### DATA SUPPLIED
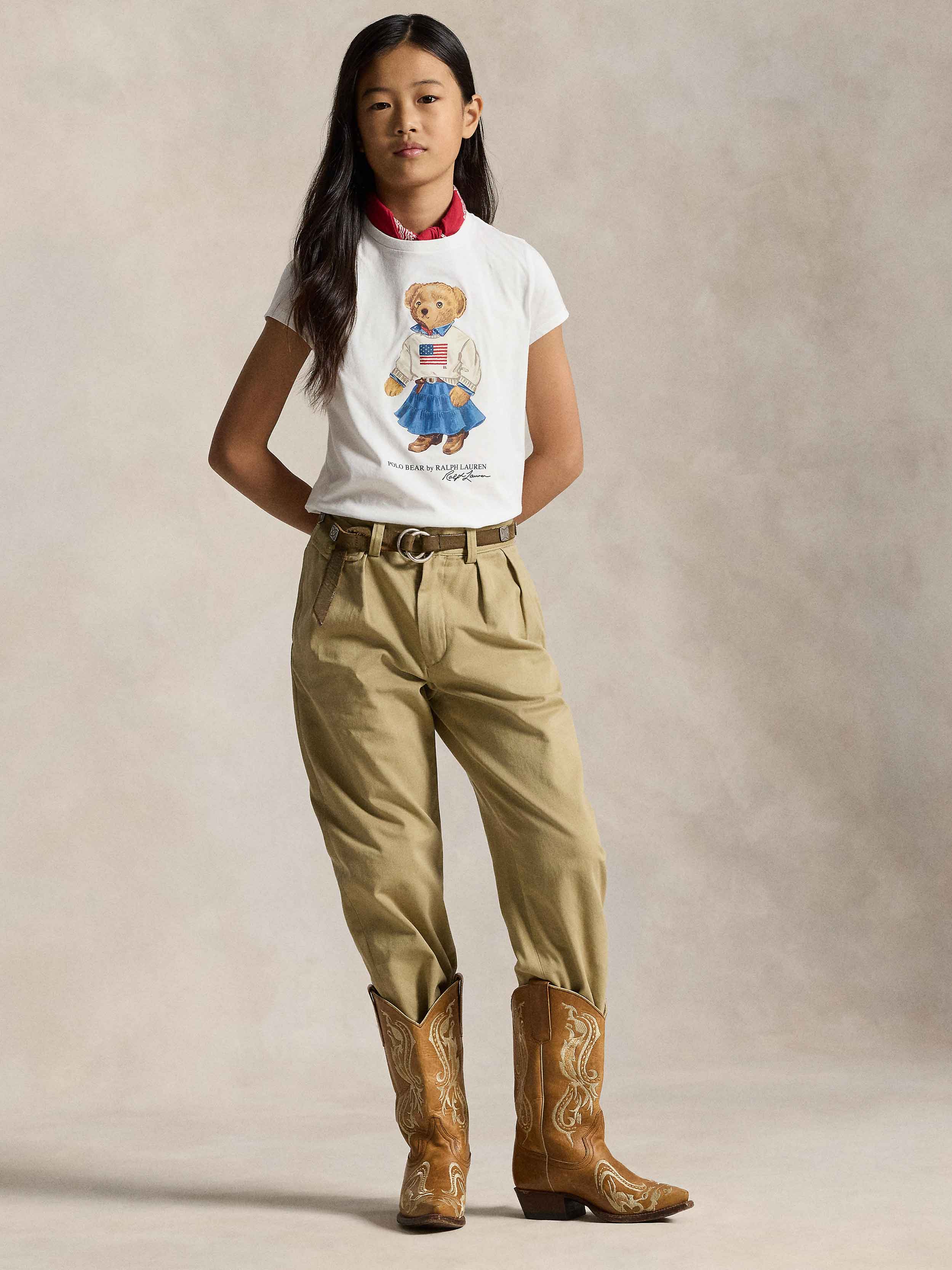 • On this cotton jersey T-shirt, our beloved Polo Bear is dressed in a signature Ralph Lauren ensemble.
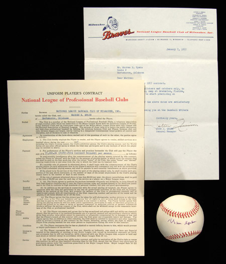 Description:Warren Spahn 1957 Milwaukee Braves player contract. Significant original contract as issued to Spahn for the 1957 Braves World Championship season in which he captured the Cy Young award with an annual salary of $55,000. Unsigned on the interior page. Accompanied by an original January 7, 1957 typewritten letter on Braves stationery as sent to Spahn with the contract signed by General Manager John Quinn along with the original envelope. Includes Warren Spahn single signed W.White NL ball (lt. toning). Includes auction LOA from JSA: EX-MT
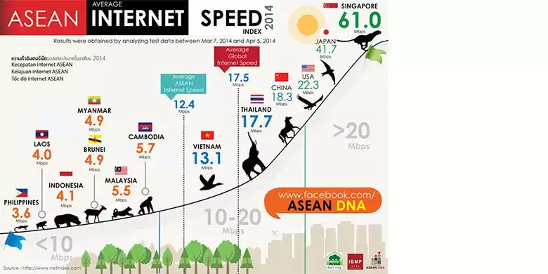 Data tersebut dirangkum dan diolah menjadi infografik oleh ASEAN DNA, sebagaimana bisa dilihat pada gambar di bawah. Dari grafik, kecepatan internet Indonesia digambarkan sebagai kuda nil dan Singapura yang terkencang digambarkan seperti cheetah.
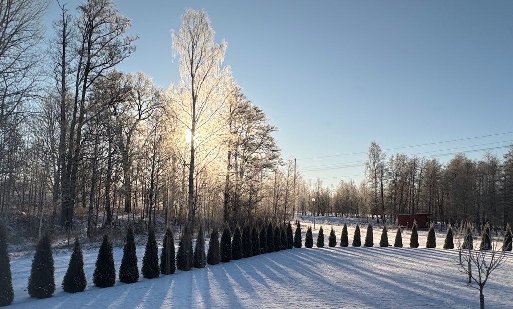 Vi somnade gott efter ett härligt bastubad på lördagskvällen och då var det -6 grader ute. På morgonen när vi vaknade var det riktigt kallt, minus 21 grader.
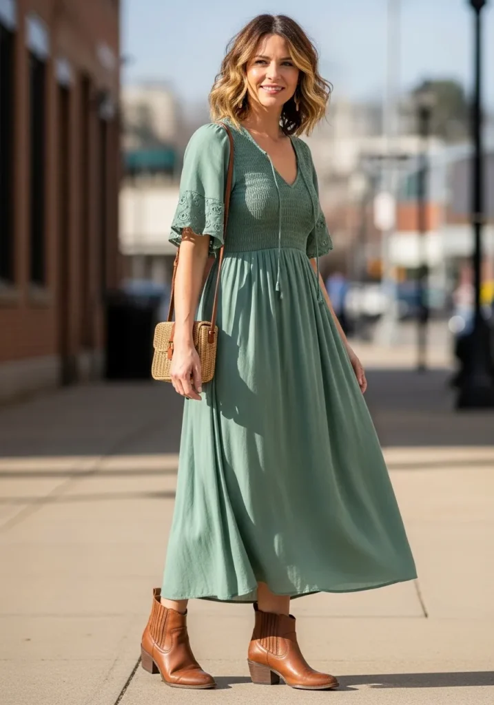 This sage green maxi dress features a softly cinched waist and flowing skirt that creates a lovely shape. The muted green tone feels fresh and natural, while the simple design keeps it versatile and timeless. Styled with ankle boots, it has a grounded boho feel.
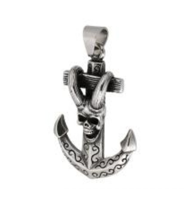 PENDENTIF ACIER CROIX ANCRE TETE DE MORT
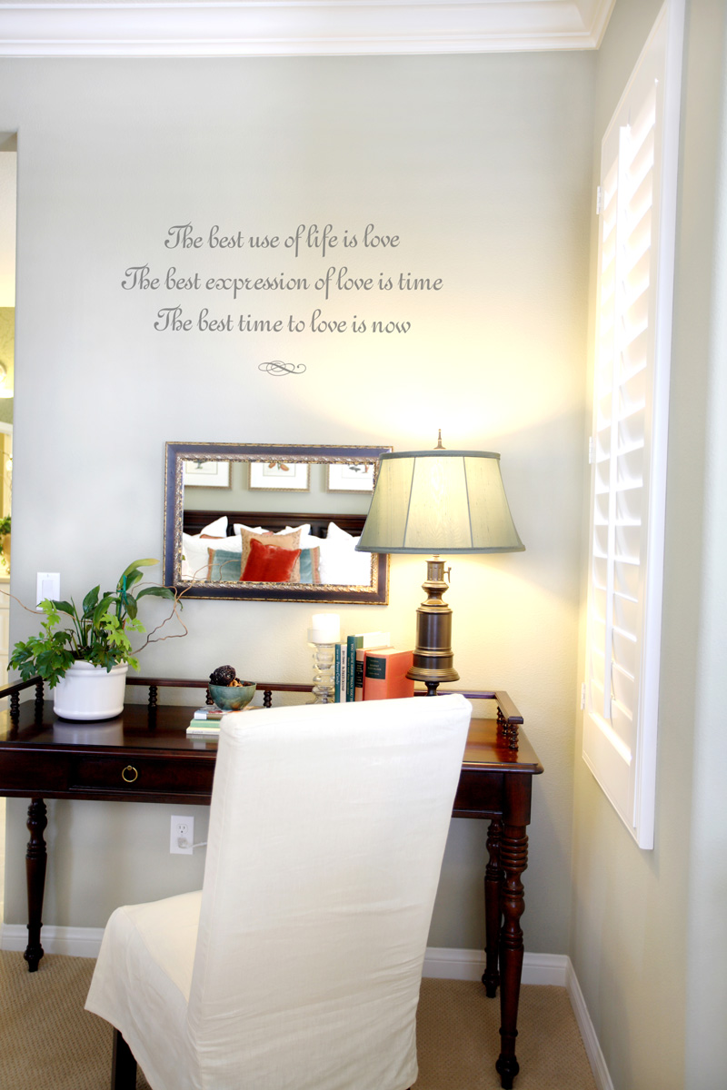 Art: Fancy Swirl (3 inches)How many times have we heard from a friend about a loved one leaving this world suddenly before our friend could say how much she loved him/her? It may have happened to us too. Very often, because of the pressures of work and other things we neglect to tell and show our loved ones how much we appreciate them and love them. Perhaps too, if you’re not very vocally expressive, you don’t think about saying your feelings outright, and forget that people like to hear the words directly from us. We get jolted into realizing that we never did say anything only when it’s too late.February, the Month of Love, is the perfect way to start making a habit of expressing our feelings for the ones we love and hold dear. We felt that a subtle reminder to ourselves helps, and that this little nook in the bedroom, above the writing desk, is a great place for that reminder. Our project features the quote “The best use of life is love. The best expression of love is time. The best time to love is now.” We used decorative lettering in the font French Script, with a Charcoal gray shade and 3 inches in height, to create this beautiful wall décor. Below the 3-line quote we placed the Fancy Swirl – Lettering Art – 0-4 lettering art, also 3 inches high.The effect is a subtle, understated wall embellishment that provides an accent to your wall without grabbing attention away from the rest of the room. Delicate without looking too feminine, it’s a perfect decorative addition to the master bedroom.Decorative lettering can be as grand or as simple as you want it. The great thing about decorative lettering and wall art is that you can experiment on your computer screen to see which one you like best before finalizing your order. You can choose from our gallery of quotes, which we’ve categorized by theme, by room, and by language. This makes it easier for you to search for the perfect quote for your project. You can also browse through our Idea Gallery and Photo Gallery where you’ll find loads of ideas if you don’t know where to start. And, throughout our website, you’ll see photos of how satisfied customers did their decorative lettering projects in their own homes.When you order decorative lettering from Wise Décor, you have a choice of paying by credit card, Paypal, or gift certificate. If you pay by credit card, your order will be shipped no more than 3 business days after you place your order. Take a tour of our site today and see how you can personalize your home without putting a big hole in your wallet. If you’ve got questions, feel free to email us at help@wisedecor.com and we’ll be happy to answer your queries.
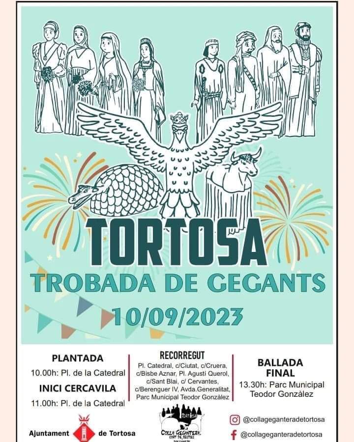 El dissabte 10 de setembre de 2023 a les 11 h, tindrà lloc la trobada de gegants de Tortosa. La plantada serà a les 10 h a la plaça de la Catedral i a les 13.30 h al Parc Municipal Teodor Gonzàlez.
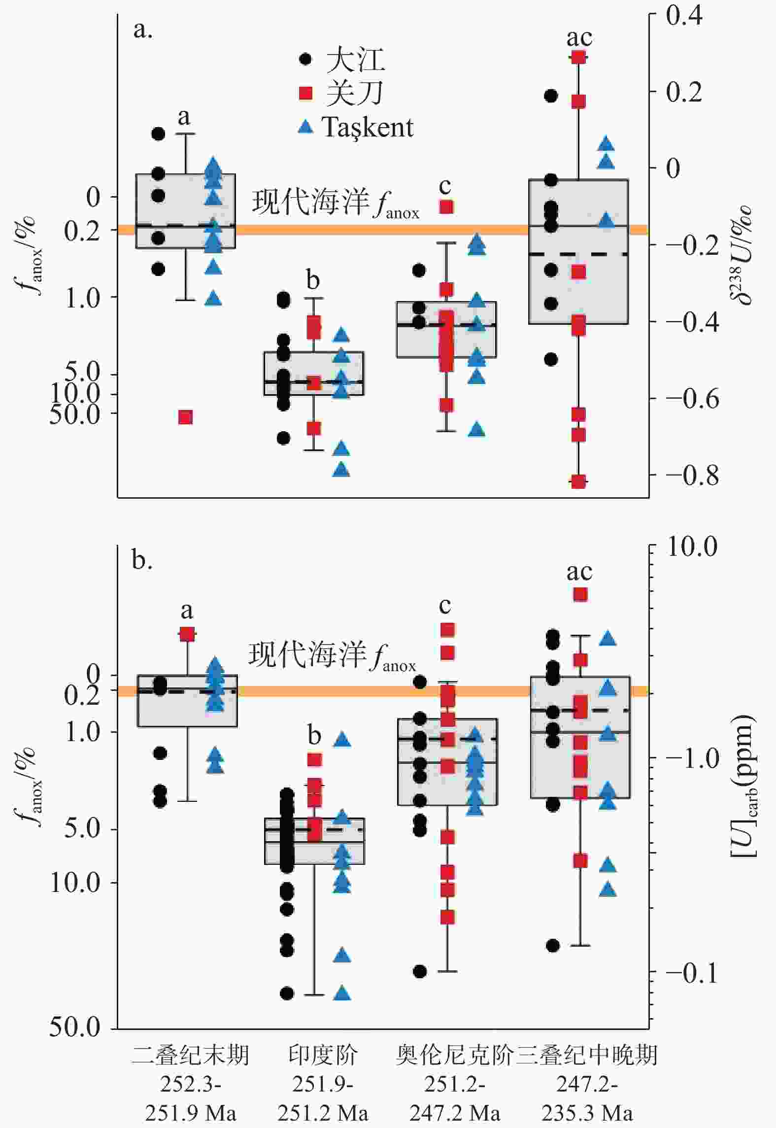 Figure 2. Proportion of anoxic seafloor area (fanox, %) of Late Permian–Late-Middle Triassic by using Uranium Box Model (Figure A: δ238U and Figure B: [U] value) (According to literature[37])
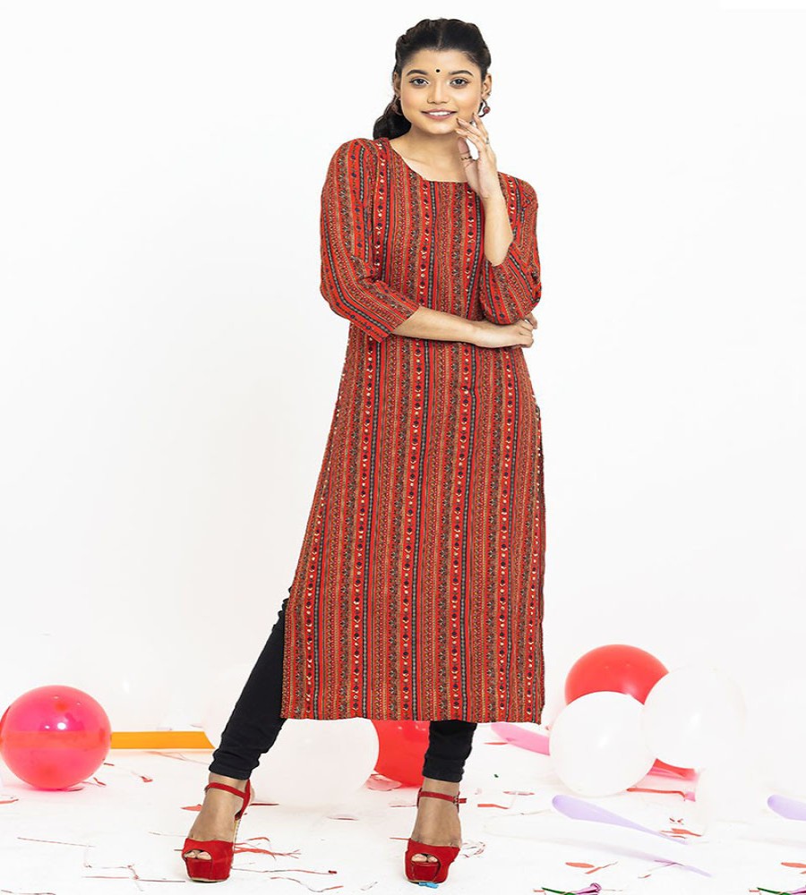 Product Type: Women Kurtis - Color: Red - Sleeve: 3/4 Sleeve - Best Production quality. Wash Instruction: - Machine wash cold. Gentle Cycle. Use only non-chlorine. Tumble dry low. Warm iron as needed. Made in Bangladesh Material & Care 100% Cotton/Print
######
**TASK:**
Apart from the pictures, write every entry out again exactly.

**TASK OUTPUT:**
 • On this cotton jersey T-shirt, our beloved Polo Bear is dressed in a signature Ralph Lauren ensemble.
 Description:Warren Spahn 1957 Milwaukee Braves player contract. Significant original contract as issued to Spahn for the 1957 Braves World Championship season in which he captured the Cy Young award with an annual salary of $55,000. Unsigned on the interior page. Accompanied by an original January 7, 1957 typewritten letter on Braves stationery as sent to Spahn with the contract signed by General Manager John Quinn along with the original envelope. Includes Warren Spahn single signed W.White NL ball (lt. toning). Includes auction LOA from JSA: EX-MT
 Data tersebut dirangkum dan diolah menjadi infografik oleh ASEAN DNA, sebagaimana bisa dilihat pada gambar di bawah. Dari grafik, kecepatan internet Indonesia digambarkan sebagai kuda nil dan Singapura yang terkencang digambarkan seperti cheetah.
 Vi somnade gott efter ett härligt bastubad på lördagskvällen och då var det -6 grader ute. På morgonen när vi vaknade var det riktigt kallt, minus 21 grader.
 This sage green maxi dress features a softly cinched waist and flowing skirt that creates a lovely shape. The muted green tone feels fresh and natural, while the simple design keeps it versatile and timeless. Styled with ankle boots, it has a grounded boho feel.
 PENDENTIF ACIER CROIX ANCRE TETE DE MORT
 Art: Fancy Swirl (3 inches)How many times have we heard from a friend about a loved one leaving this world suddenly before our friend could say how much she loved him/her? It may have happened to us too. Very often, because of the pressures of work and other things we neglect to tell and show our loved ones how much we appreciate them and love them. Perhaps too, if you’re not very vocally expressive, you don’t think about saying your feelings outright, and forget that people like to hear the words directly from us. We get jolted into realizing that we never did say anything only when it’s too late.February, the Month of Love, is the perfect way to start making a habit of expressing our feelings for the ones we love and hold dear. We felt that a subtle reminder to ourselves helps, and that this little nook in the bedroom, above the writing desk, is a great place for that reminder. Our project features the quote “The best use of life is love. The best expression of love is time. The best time to love is now.” We used decorative lettering in the font French Script, with a Charcoal gray shade and 3 inches in height, to create this beautiful wall décor. Below the 3-line quote we placed the Fancy Swirl – Lettering Art – 0-4 lettering art, also 3 inches high.The effect is a subtle, understated wall embellishment that provides an accent to your wall without grabbing attention away from the rest of the room. Delicate without looking too feminine, it’s a perfect decorative addition to the master bedroom.Decorative lettering can be as grand or as simple as you want it. The great thing about decorative lettering and wall art is that you can experiment on your computer screen to see which one you like best before finalizing your order. You can choose from our gallery of quotes, which we’ve categorized by theme, by room, and by language. This makes it easier for you to search for the perfect quote for your project. You can also browse through our Idea Gallery and Photo Gallery where you’ll find loads of ideas if you don’t know where to start. And, throughout our website, you’ll see photos of how satisfied customers did their decorative lettering projects in their own homes.When you order decorative lettering from Wise Décor, you have a choice of paying by credit card, Paypal, or gift certificate. If you pay by credit card, your order will be shipped no more than 3 business days after you place your order. Take a tour of our site today and see how you can personalize your home without putting a big hole in your wallet. If you’ve got questions, feel free to email us at help@wisedecor.com and we’ll be happy to answer your queries.
 El dissabte 10 de setembre de 2023 a les 11 h, tindrà lloc la trobada de gegants de Tortosa. La plantada serà a les 10 h a la plaça de la Catedral i a les 13.30 h al Parc Municipal Teodor Gonzàlez.
 Figure 2. Proportion of anoxic seafloor area (fanox, %) of Late Permian–Late-Middle Triassic by using Uranium Box Model (Figure A: δ238U and Figure B: [U] value) (According to literature[37])
 Product Type: Women Kurtis - Color: Red - Sleeve: 3/4 Sleeve - Best Production quality. Wash Instruction: - Machine wash cold. Gentle Cycle. Use only non-chlorine. Tumble dry low. Warm iron as needed. Made in Bangladesh Material & Care 100% Cotton/Print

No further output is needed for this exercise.